At first glance, you might think I’m losing it with the title of this month’s rant. After all, who would pay anything for ‘zero’ or nothing? It turns out a lot of people try to get ‘nothing’ or ‘zero’ and end up with more than they bargained for at a very high cost to get there.

The most common example of this situation occurs when determining tolerances for setting masters used in a variety of measuring applications. Since ‘masters’ are involved, it is normal to want them to be more precise than the devices they are being used to set. Unfortunately, there’s more to it all than shifting a decimal point on a dimension.

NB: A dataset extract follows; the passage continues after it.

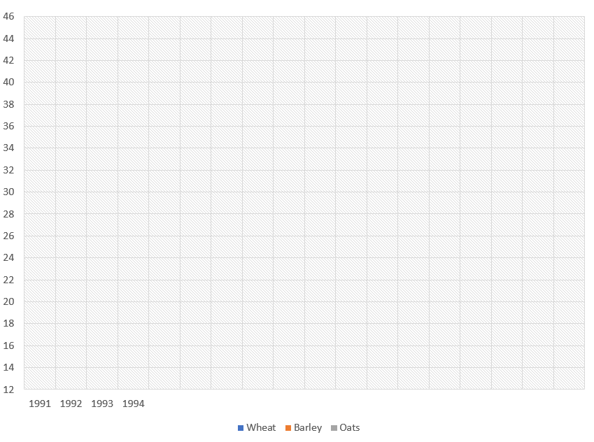 Years Wheat Barley Oats 1991 34 18 27 1992 43 14 24 1993 43 16 27 1994 45 13 34

The most common ‘masters’ used in dimensional work are gage blocks so it is natural to use them as a guide when their shape indicates they would be perfect for a particular application. The high order of precision provided by gage blocks is affordable due to the fact they are made to standardized sizes and tolerances in quantities. But, as luck would have it, their standardized sizes are rarely the nominal value being sought for a specific application. One way around this is to get a block maker to provide a special size block which most will do for a small bucket of money. A larger bucket of money will be required if the tolerance requested for this custom-size block is the same as its standard size equivalent.

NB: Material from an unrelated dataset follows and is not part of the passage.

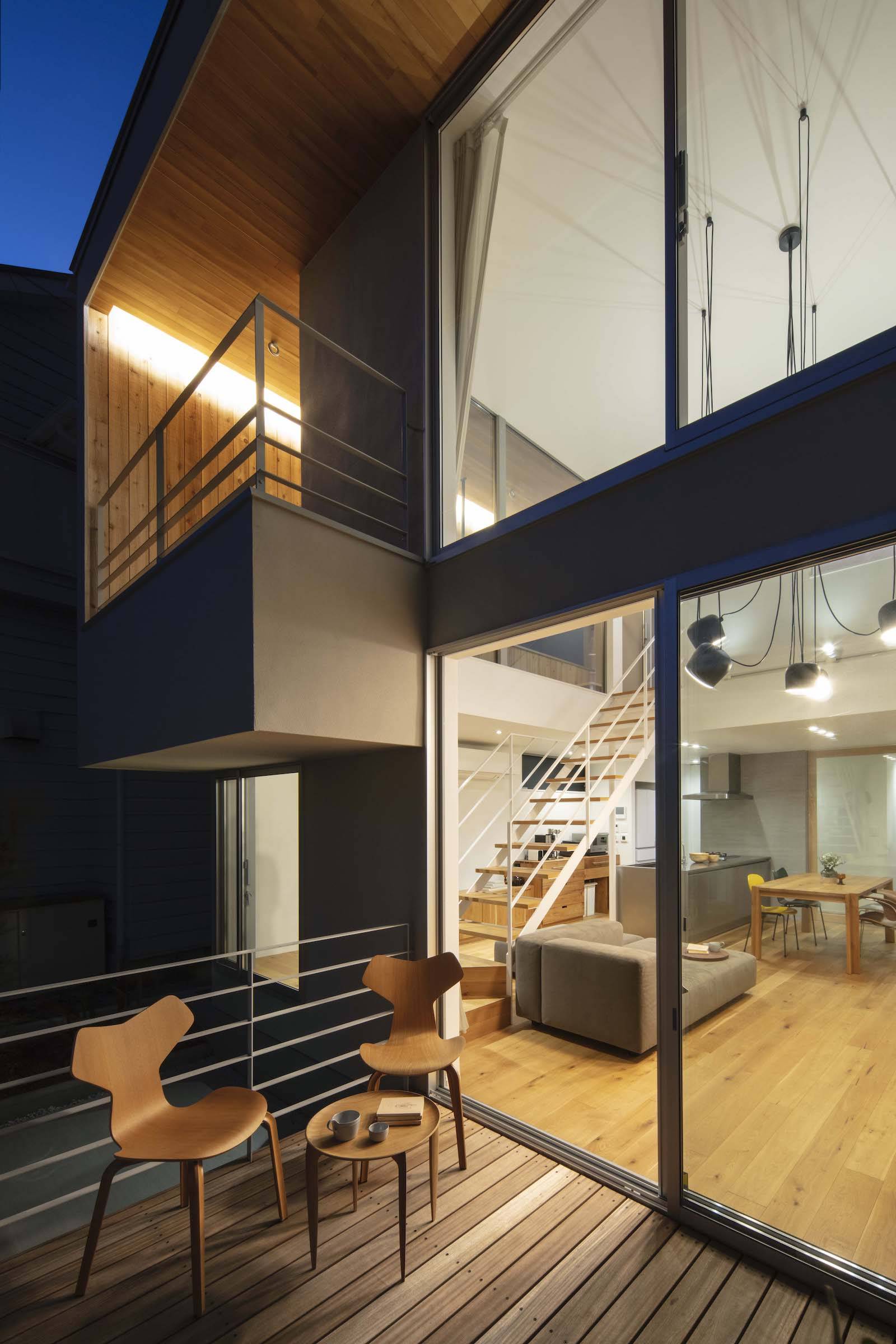 神奈川・葉山町に建つ木造2階建ての新築住宅です。「光と人が集まる住まい」というご要望をいただきました。吹抜けと2つのテラスを盛り込み、住宅内部に外部を取り込むような立体的な空間の広がりを実現しています。

After the economics of it all sinks in, it’s time to better define what you mean as a ‘master’ as a possible way to get what you need. If a gage block was chosen because it resembles the product feature to be measured, there may be little gained by considering anything else. However, if a custom-made gage block was chosen because of the precision associated with it while the part feature to be measured is cylindrical it would be an expensive choice.

Once you have decided on the shape of a master, determining a tolerance for it is where most special master requests meet reality. If your master is a mid-limit one with a nominal value of say, 2.3324” how close to that value does it have to be? Conventional thinking would suggest it should be one decimal place better but that now takes it into ‘millionths’ territory which means higher cost. The lower cost alternative would be to get the master made to within +/-.0002”, which is cheaper, and then get it calibrated to the finer limit. You then ‘tell’ or set your measuring instrument to the actual value it should be displaying using this master and everything is good to go. But if you insist on everything being ‘zero’ along the way you will pay more and that goes for re-calibration costs as well.

I should make clear that the master in my example is providing a physical set-point and is not suitable for calibration purposes unless used with other masters covering the range of the measuring instrument being used. In this latter case, the other masters could have similar offsets and be useful for calibration purposes as opposed to zero-setting purposes. The key is to know the actual measured values of the masters compared to the tolerances they were made to.

So where do the masters that are typically supplied with outside micrometers over 1” or 25mm fall into the grand scheme of things? They a recalled setting rods – or discs – for good reason. They provide a reference value or starting point within the range of the instrument. On their own, they are not suitable for calibrating an instrument over a range. To use an old military expression, they get you close enough for artillery but not much else.You need more than one physical master to get you to a bulls-eye situation.

This applies to the many masters made for use with outside micrometers that are supplied in steps of 1” or 25mm. For calibration purposes, you need several masters over a given range to provide meaningful calibration as many makers of them provide.

Save your sanity and keep ‘millionths’ out of your life and equipment if at all possible.